You can cut some work by just looking at the remainder mod $3$.

Let $n=3q+r$. Easy calculation gives $$\frac15(3q+r)^5+\frac13(3q+r)^3+\frac{7}{15}(3q+r) = \text{some integer} + \frac{243q^5+7q}{5} + \frac{r^5}5+\frac{r^3}3+\frac{7r}{15}.$$

By Little Fermat we have $q^5 \equiv q \pmod{5}$ so $$243q^5+7q \equiv 250q \equiv 0\pmod{5}.$$ The second term $$\frac{r^5}5+\frac{r^3}3+\frac{7r}{15}$$ is the same as the original expression but you only have to check $r=0,1,2$ which is almost trivial.

Answer 4

The question asks how to prove a polynomial $\,f(n)\,$ takes only integer values for any integer $\,n\,.$ If the polynomial is of degree $0$, then it is a constant and if that constant is an integer we are done. If the polynomial is of degree $1$, then if any two consecutive values, $\,f(k), f(k+1)\,$ are integers, then it is an arithmetic progression and we are done. In general, for any degree $\,d\,$ polynomial $\,f(n),\,$ it is sufficient to verify that $$f(k),f(k+1), \dots,f(k+d-1) $$ are all integers for some integer $\,k,\,$ which implies that the polynomial takes on only integer values for all integer $\,n.\,$

A proof of this can be done by using a difference table to find an explicit expression for the polynomial as a sum of binomial coefficients. For example, using the particular polynomial in the question, $$ f(n) := \frac{1}{5}n^5+\frac{1}{3}n^3+\frac{7}{15}n $$ the forward difference table is:

$$ \begin{matrix} \Delta^6f(n) &&&&&&& 0 \\ \Delta^5f(n) &&&&&& 24 && 24 \\ \Delta^4f(n) &&&&& 48 && 72 && 96 \\ \Delta^3f(n) &&&& 32 && 80 && 152 && 248 \\ \Delta^2f(n) &&& 8 && 40 && 120 && 272 && 520\\ \Delta f(n) && 1 && 9 && 49 && 169 && 441 && 961 \\ f(n) & 0 && 1 && 10 && 59 && 228 && 669 && 1630 \\ n & 0 && 1 && 2 && 3 && 4 && 5 && 6 \end{matrix} $$ where the 5th differences are constant as expected for a 5th degree polynomial. Thus, $$ f(n) = 0{n \choose 0} +1{n \choose 1} + 8{n \choose 2} + 32{n \choose 3} + 48{n \choose 4} + 24{n \choose 5}$$ where the coefficient of $\,{n\choose k}=\Delta^kf(0),\,$ the $k$th difference of $\,f\,$ at zero. The Wikipedia article finite difference explains some of this theory. The forward differences of $\,f\,$ are $$ \Delta f(n) := f(n+1)-f(n), \:\: \Delta^2 f(n) := \Delta f(n+1) - \Delta f(n), \:\: \dots. $$

In this particular case, the 1st backward difference is the OEIS sequence A058031 $$ a_n := (n^2-n+1)^2 = \nabla f(n) := f(n)-f(n-1).$$ Thus the polynomial is the partial sums of an integer sequence and therefore is an integer sequence itself.

Answer 5

To show that $15$ divides $n(3n^4+5n^2+7)$, show that $3$ and $5$ do.

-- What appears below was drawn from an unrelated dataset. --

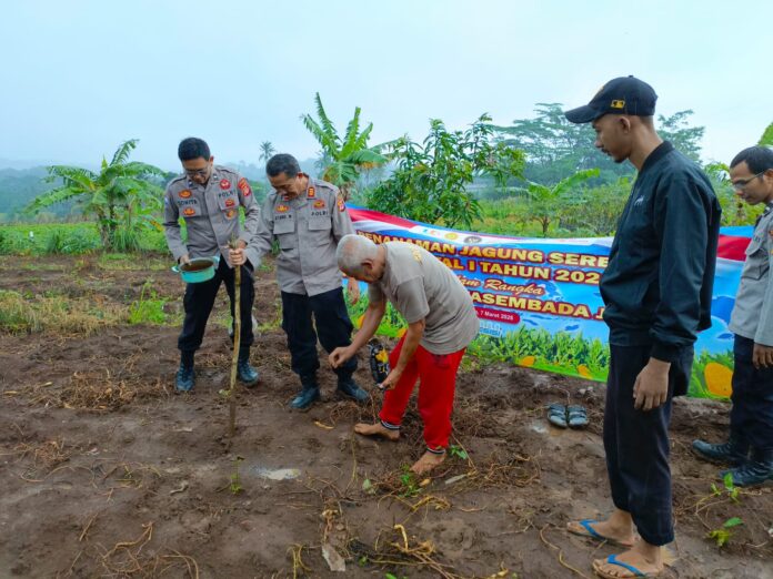 Polres Kuningan Polda Jabar – Kapolsek Mandirancan AKP Atang Mulyana, S.E. memanfaatkan momentum program ketahanan pangan untuk mempererat komunikasi sosial dengan komunitas petani di Desa Cirea. Kapolsek meyakini bahwa kedekatan emosional yang dibangun di lahan pertanian akan mempermudah penyampaian pesan-pesan kamtibmas kepada masyarakat. Aksi menanam jagung ini menjadi sarana dialogis yang efektif dalam menjaga stabilitas keamanan desa berbasis kesejahteraan petani.

$3$ does because either $3$ divides $n$ or $n^2\equiv1\pmod3$ by Fermat's little theorem,

in which case $3n^4+5n^2+7\equiv5n^2+7\equiv5+7=12\equiv0\pmod3.$

$5$ does because either $5$ divides $n$ or $n^4\equiv1\pmod5$ by Fermat's little theorem,

in which case $3n^4+5n^2+7\equiv3n^4+7\equiv3+7=10\equiv0\pmod5$.